I am jealous of Spokane. As a citizen of Tacoma and frequent visitor to Spokane, what I’m most envious of is your convenient, well-run transit system.
Five years ago, voters in Pierce County faced a decision: Either raise the sales-tax rate by 0.3 percent to maintain transit service, or have Pierce Transit cut service. The voters said no to the sales-tax increase, service was decimated by nearly 40 percent, and our economic vitality as a community suffered.
Swing-shift, lower-income workers can’t get home at night. Senior citizens can’t get around on the weekends. College students are forced to spend money they don’t have on cars so they can get to class. It’s challenging to attract high-income employers that need talented employees, employees who want to live in vibrant, urban, transit connected communities.
With Proposition One and the Spokane Transit Authority’s moving forward initiative, Spokane County has an immense opportunity. Because of shrewd planning by STA’s executives, the transit agency has weathered the recession in a better state than most. Now you, as voters and citizens, have a choice. Do you want to maintain and grow your transit system to meet rising demand? Or do you watch it flounder due to lack of funding? Do you want to invest in a vibrant, connected, economically attractive community? Or fall behind your competitors?
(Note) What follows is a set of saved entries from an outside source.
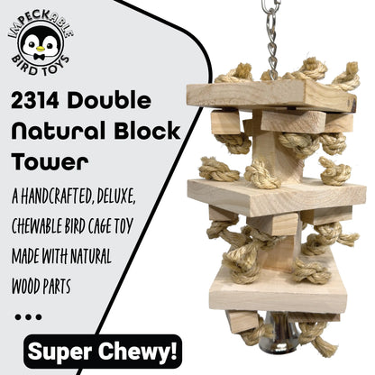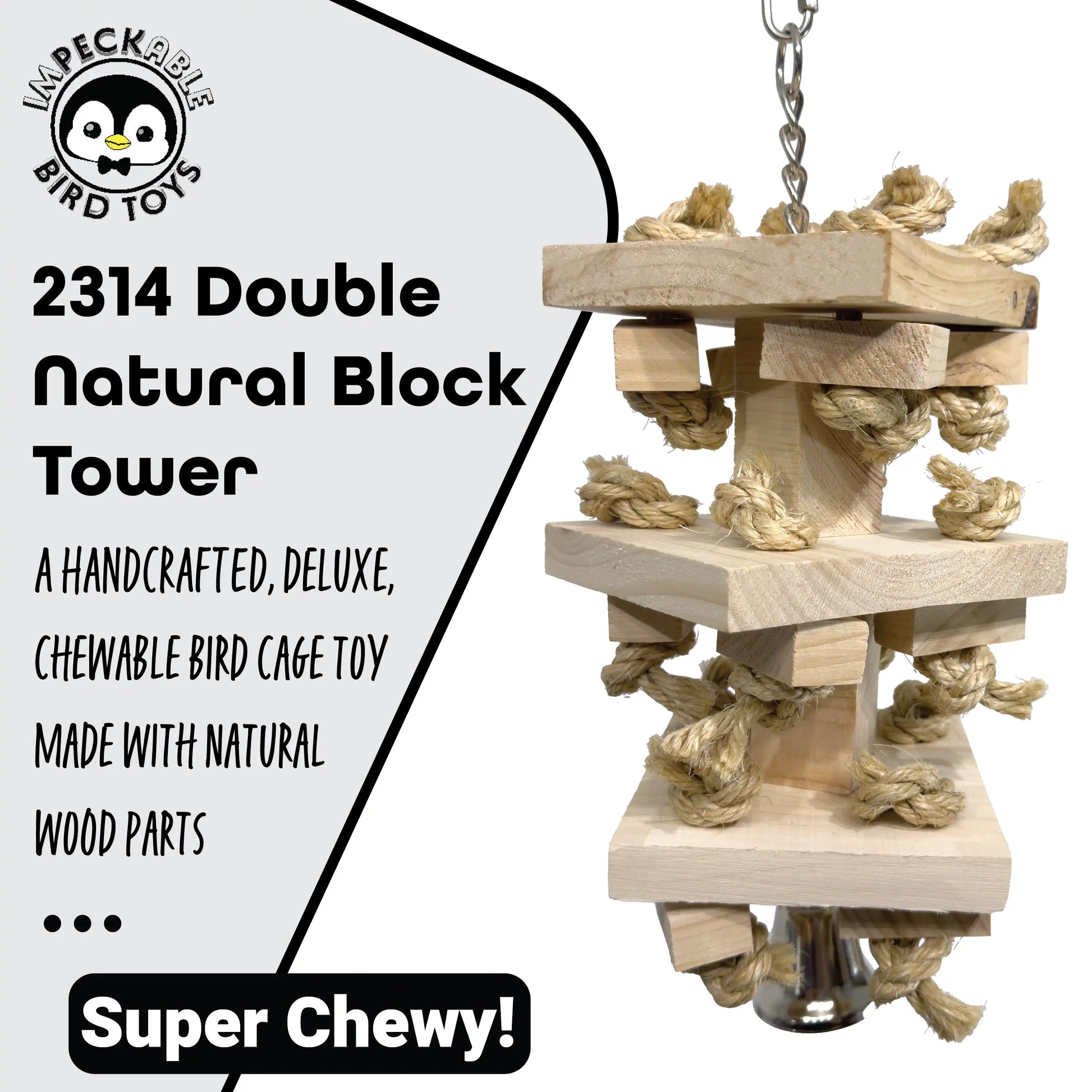Introducing the 2314 Double Natural Block Tower from Impeckable Bird Toys, a powerful and engaging chew toy built to satisfy the instincts of medium to large parrots. Designed for birds that love to pull, climb, and shred, this handcrafted toy offers a perfect blend of durability and natural texture.
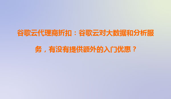 2025-10-20谷歌云代理商折扣:大數(shù)據(jù)與分析服務(wù)的入門優(yōu)惠詳解 一、谷歌云在大數(shù)據(jù)與分析領(lǐng)域的核心優(yōu)勢 谷歌云(GoogleCloudPlatform,GCP)憑借其在全球基礎(chǔ)設(shè)施、技術(shù)創(chuàng)新和行業(yè)實踐中的領(lǐng)先...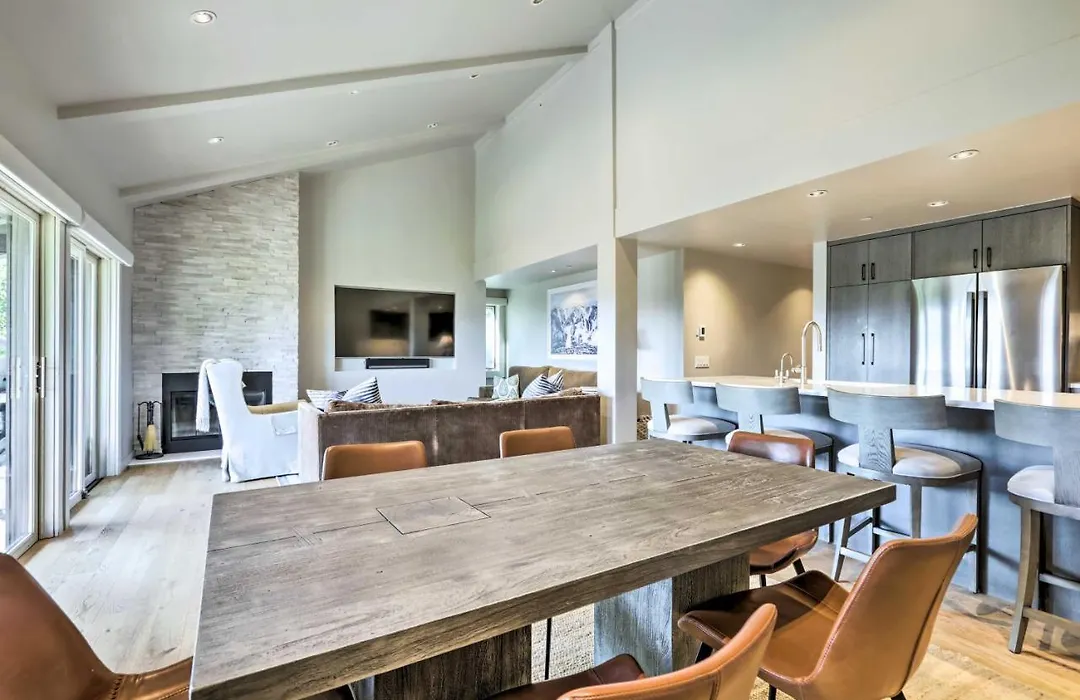 A fully furnished kitchen comes with a microwave oven, a refrigerator, and kitchenware. Tasteful Snowmass Escape Less Than 1 Mi To Slopes! is extremely close to Assay Hill cable car station.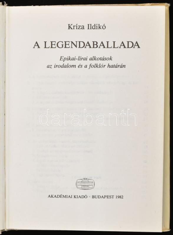 KrÃza Ildikó: A legendaballada. Epikai-lÃrai alkotások az irodalom és ... https://www.darabanth.com/de/456-Fernauktion/456.0/Bucher/Bucher-Andere-kuriositaten~1000034/Kriza-Ildiko-A-legendaballada-Epikai-lirai-alkotasok-az-irodalom-es-a-folklor-hataran-Bp-~II3050178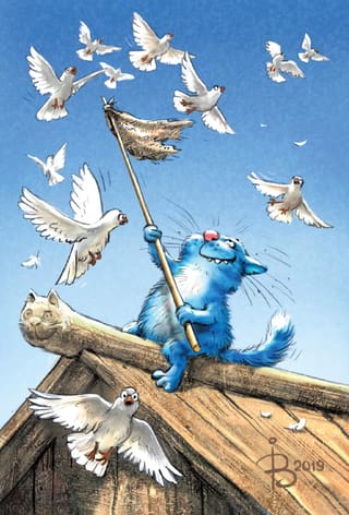 Красивая и забавная почтовая открытка с синими котами обязательно понравится получателю, поскольку рисунки Ирины Зенюк очень милые и продуманы до мелочей.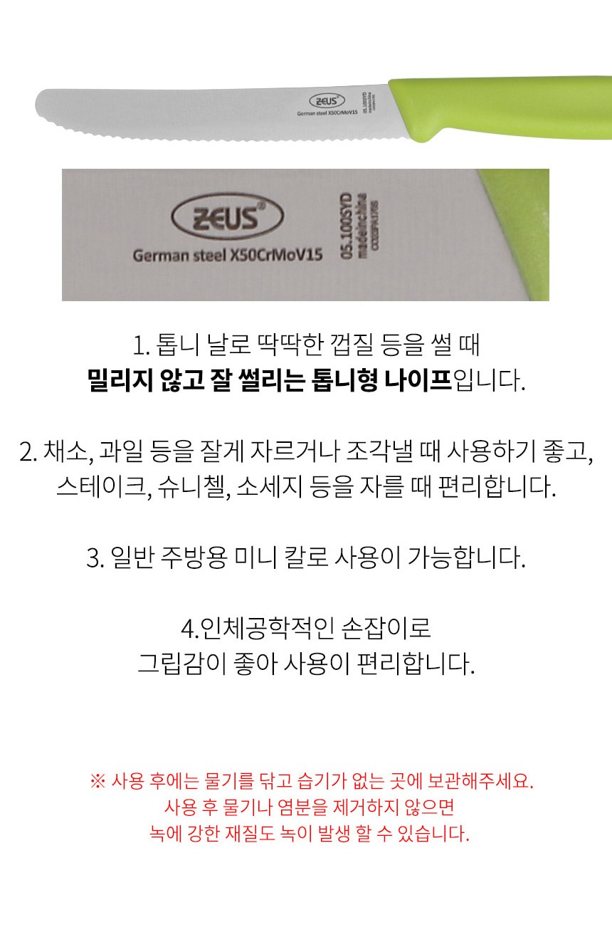 | 품명 및 모델명 | 제우스 칼라 톱니과도 | 재질 | 컨텐츠 참조 |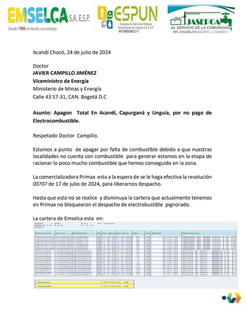 La situación exige una intervención urgente del gobierno nacional para resolver las deudas y restablecer el suministro de combustible, garantizando así la continuidad del servicio eléctrico en Acandí y Unguía.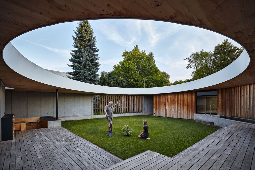 Velká část moderních rodinných domů čerpá z krásných výhledů do krajiny. Vila postavená v Novém Jičíně vychází z opačného principu – je soustředěna do atria koncipovaného jako soukromá vnitřní obytná krajina. Zároveň umožňuje průhledy do okolního světa. Za jedinečný koncept, vysoce účelné individuální bydlení, působivou kultivovanou architekturu a nápadité využití materiálů získala stavba hlavní cenu odborné poroty v soutěži Stavba roku 2021.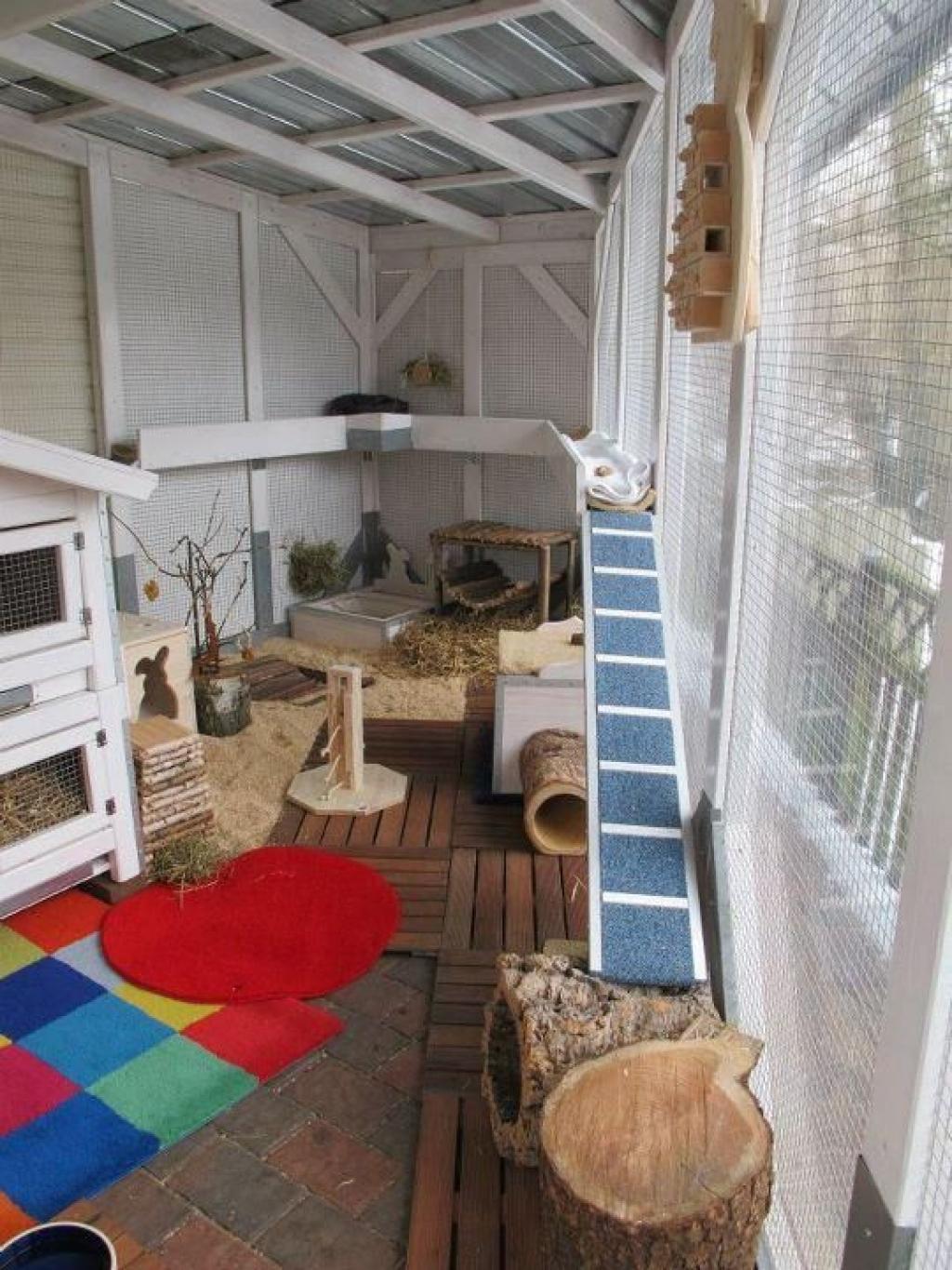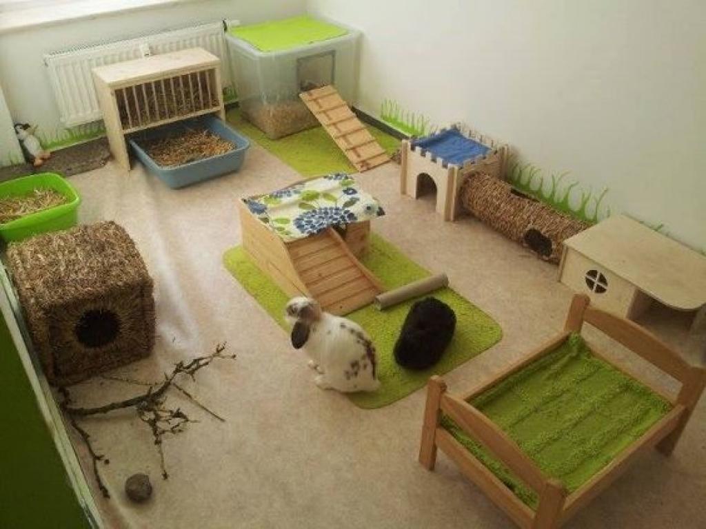 Inspirez-vous de cette image pour aménager l’habitat de votre lapin ! Tous ces meubles, en passant par une source de chaleur et de l’herbe sèche en quantité feront le bonheur de votre animal de compagnie.

The proposed transit improvements aren’t just lines on a map; they are a catalyst for economic growth. The moving forward plan is more than the central city line, high frequency bus routes, and new express services. Transit is an important social safety net, a way to travel from point A to B, and an important tool to mitigate congestion. But it is more than that; it is a community’s investment in its economic future.
Studies calculate that economic returns on public transit are $4 for every $1 invested. When you include land-use in that equation, that return on investment skyrockets even higher. Property values next to bus rapid transit stations in Boston were found to be 7.6 percent higher than the surrounding areas. A new fixed-route transit line in Portland spurred $3.4 billion of economic investment along its route.
STA has a track record of conservative financial planning. The proposed central-city line would be paid for without bonds, primarily through federal grants. Investing in high capacity world-class transit is a win for everyone.
Land owners see property values rise. Businesses experience increased sales. Emissions are reduced, and air quality is increased. People walk more and are healthier, and transit users get a quicker trip, which leads to more riders.
It is my hope that Spokane voters will heed Tacoma’s mistakes and approve Proposition One this April. I can’t wait to experience even better transit in Spokane and would be happy to pay a measly 3 pennies on a $10 purchase for it every time I visit. Invest in your collective future, say yes to economic growth, say yes to Proposition One and a visionary transit system for your community.
Andrew Austin is policy director at Transportation Choices, a statewide nonprofit that works to bring more opportunities for Washington residents to walk, bike, and take public transit. He lives in Tacoma and frequently visits family members in Spokane.